The rights to dignity, to privacy and the integrity of every person are basic to the ethos of the Constitution [See ss 10, 11 and 13 of the Constitution of the Republic of South Africa 200 of 1993 and ss 10, 12 and 14 of the Constitution of the Republic of South Africa Act 108 of 1996 – Eds.] and to any defensible civilisation.

 

Women in this country are entitled to the protection of these rights. They have a legitimate claim to walk peacefully on the streets, to enjoy their shopping and their entertainment, to go and come from work, and to enjoy the peace and tranquillity of their homes without the fear, the apprehension and insecurity which constantly diminishes the quality and enjoyment of their lives. . . . 

 

The Courts are under a duty to send a clear message to the accused, to other potential rapists and to the community: We are determined to protect the equality, dignity and freedom of all women, and we shall show no mercy to those who seek to invade those rights.’

 

[44]      The appellant showed no respect for the complainant’s rights nor did he at any stage show the slightest remorse. The appellant denied responsibility of the offence claiming that he and complainant had a romantic relationship. This does not show any contrition but rather indicates that according to the appellant, it is accepted to violate another person when there is a romantic relationship. The appellant was a 58 year old woman, staying alone. She was a vulnerable woman. The appellant took advantage of the complainant’s personal circumstances. Sexual assault is a widespread and serious problem in our society. Sexual assaults are pervasive crimes. The imposition of a lesser sentence than the mandatory minimum sentence will in this instance diminish the horror of rape.

 

[45]      Therefore, the sentence is not vitiated by any irregularity or material misdirection. All the relevant factors and circumstances were considered and duly taken into account by the trial court. Interference with the imposed sentence is not warranted.

 

ORDER

 

[46]      In the result the following order is made:

 

(a)       Condonation for the late noting and prosecuting of the appeal is granted.

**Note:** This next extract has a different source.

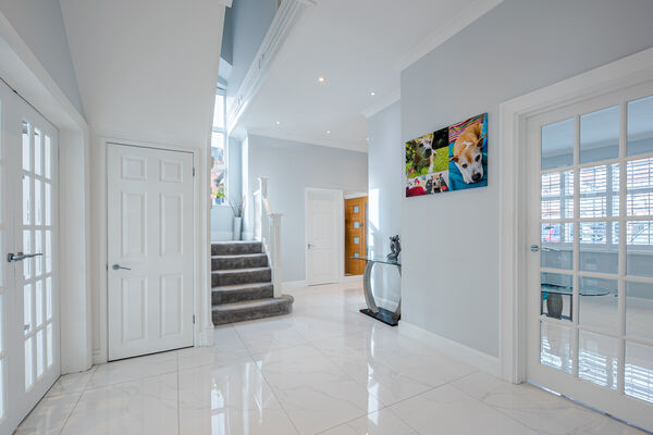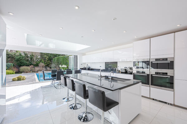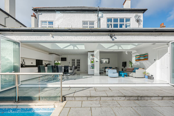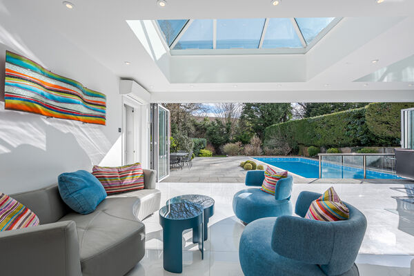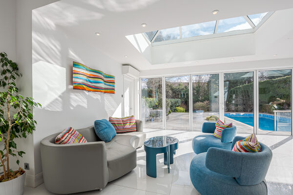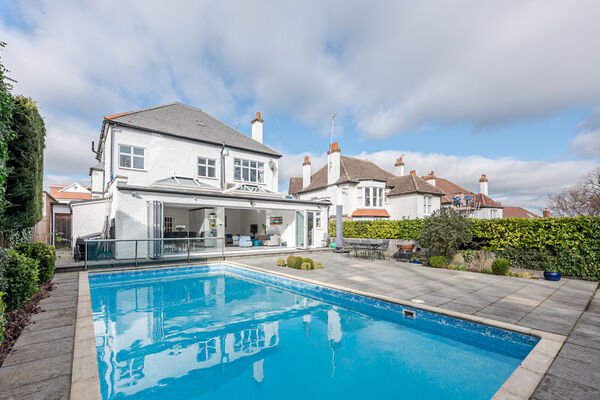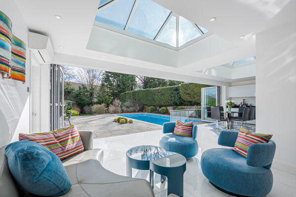 This light and airy open plan home has high ceilings, marble flooring and an outdoor swimming pool as focal features.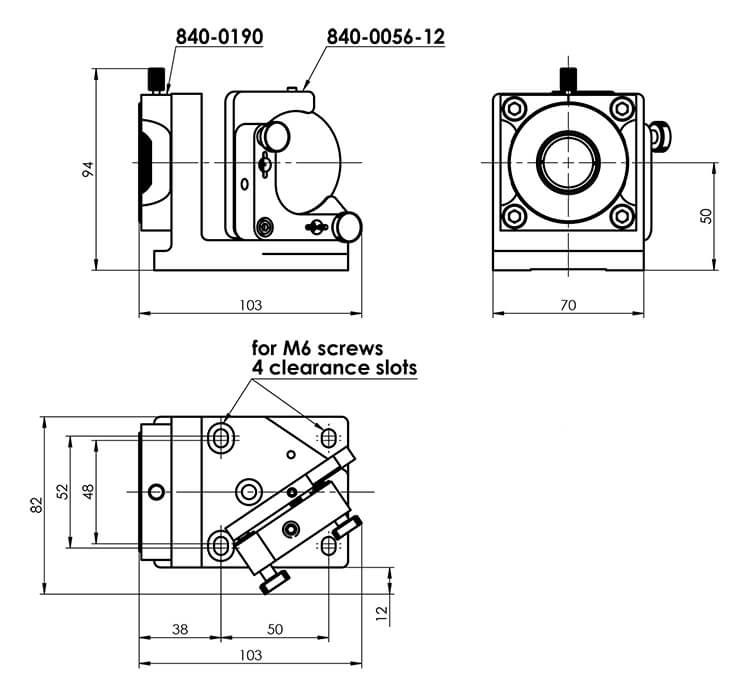 840-0056-12运动学支架允许将薄膜布儒斯特型偏振器的入射角(Aoi)调整±4.5°,并获得最大消光对比度。安装件位于杆、杆固定器和可移动底座820-0090上。

(b)       The appeal against convictions and sentence is dismissed

 

 

 

A.M. MTEMBU

ACTING JUDGE OF THE HIGH COURT

NORTH WEST DIVISION, MAHIKENG

 

 

I agree

 

 

R D HENDRICKS

DEPUTY JUDGE PRESIDENT OF THE HIGH COURT

NORTH WEST DIVISION, MAHIKENG

 

APPEARANCES

 

DATE OF HEARING                           :                   03 SEPTEMBER 2021

DATE OF JUDGMENT                        :                   22 OCTOBER 2021

 

COUNSEL FOR THE APPLICANT     :                    MR T G GONYANE

INSTRUCTED BY.                              :                    Legal aid South

africa, mafikeng

local office

 

counsel for the respondent.                :                    adv u mokone

instructed by.                                      :                    office of the

director of public

prOsecutions,

mmabatho


[1] see R v Difford 1937 AD 373, S v Van der Meyden 1999(1) SACR 447 (W) and S v Toubie 2004(1) SACR 530 (W).